Parental Discretion Advised: Over-generalizations from incredibly small sample sizes to follow.
Those of you who follow me on Twitter (which I assume is almost all of my readers, but if not you should follow me @Soccermetric) probably know I debuted prediction models for Serie A and the Bundesliga this weekend. They’re based on the TAM model (which needs a better nickname – I want to backronym NAGBE if possible), which is described in full here. The short version is it only looks at basically two variables: in-season results and goal differential. The math is a lot more complicated than that, but this is the basic idea.
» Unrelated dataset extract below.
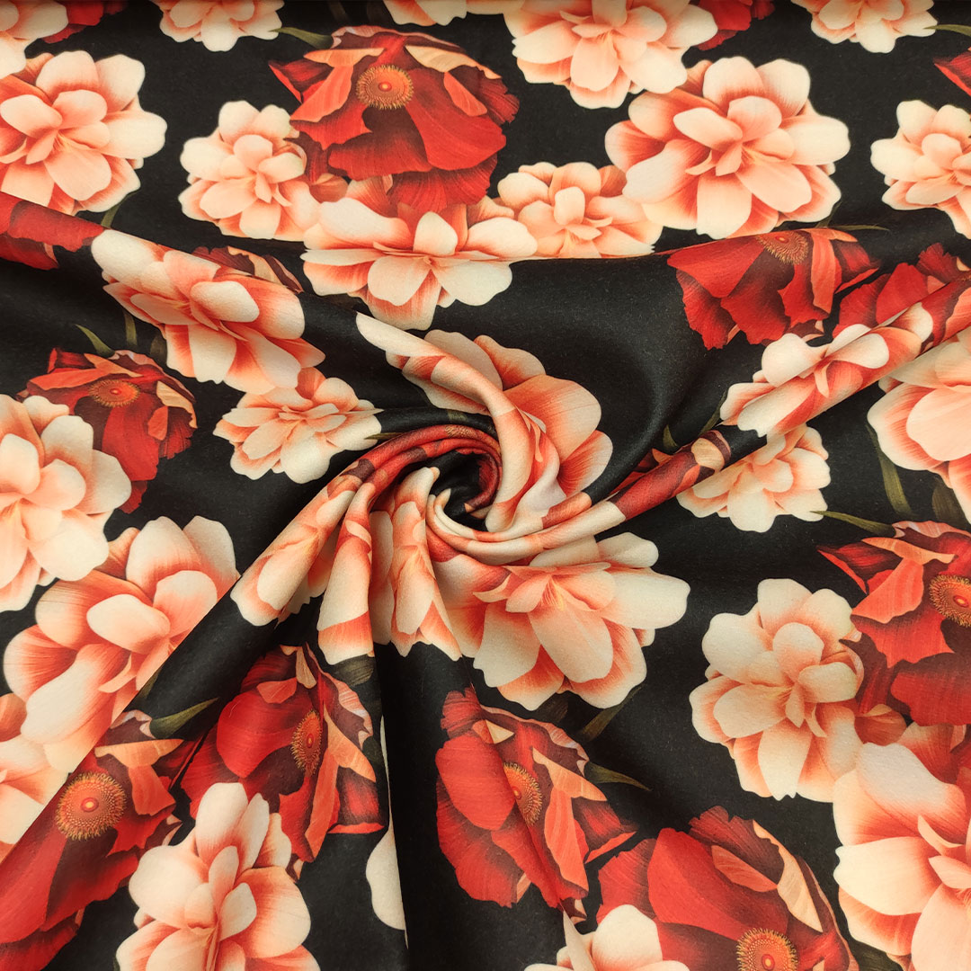 Tessuto per cappotto Panno a fantasia motivo floreale nero – rosso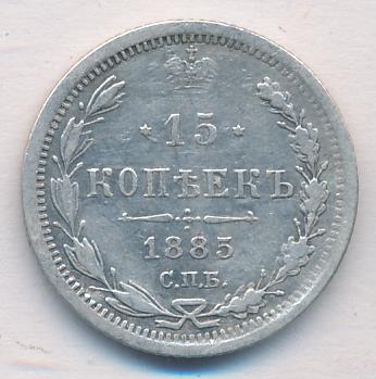 Лицевая сторона — гербовый орел, оборотная —обозначение номинала (15 копеекъ), окруженное венком из лавровой и дубовой ветвей и дата.

The TAM model hasn’t done especially well through its first two weeks in the EPL, predicting 8/20 matches correctly, a meager 40%, or barely better than the 33% we’d expect from just flipping a three-sided coin.
However, it did much better in Serie A and the Bundesliga this weekend. It predicted 6/9 correct this week in the Bundesliga, or 67%. Here are the first week’s predictions:
The errors were Wolfsburg, Hamburg, and Hertha Berlin. I’m incredibly pleased with 6/9, and am equally pleased with the 6/10 in Serie A (especially because it failed to predict Milan’s win in the Derby).
In one week, the two new models each got 6 outcomes correct, which is almost as many as the same EPL model got correct in two weeks (MOTSON outperforms the simple model). This is obviously a small sample, and “correct” outcomes isn’t the right way to measure this, but it’s evidence that maybe the EPL is just really difficult to predict (especially this season). I’m not planning on putting together a model for La Liga, but that one might be even easier: you’d be hard-pressed to put together a bad model as long as you started with Barcelona > Real Madrid = Atletico.
The success of a model depends on the difficulty of the task, and if the same model performs much better in other leagues, then we may have evidence of a greater challenge in predicting EPL results rather than the other major European leagues and should adjust expectations of our models accordingly.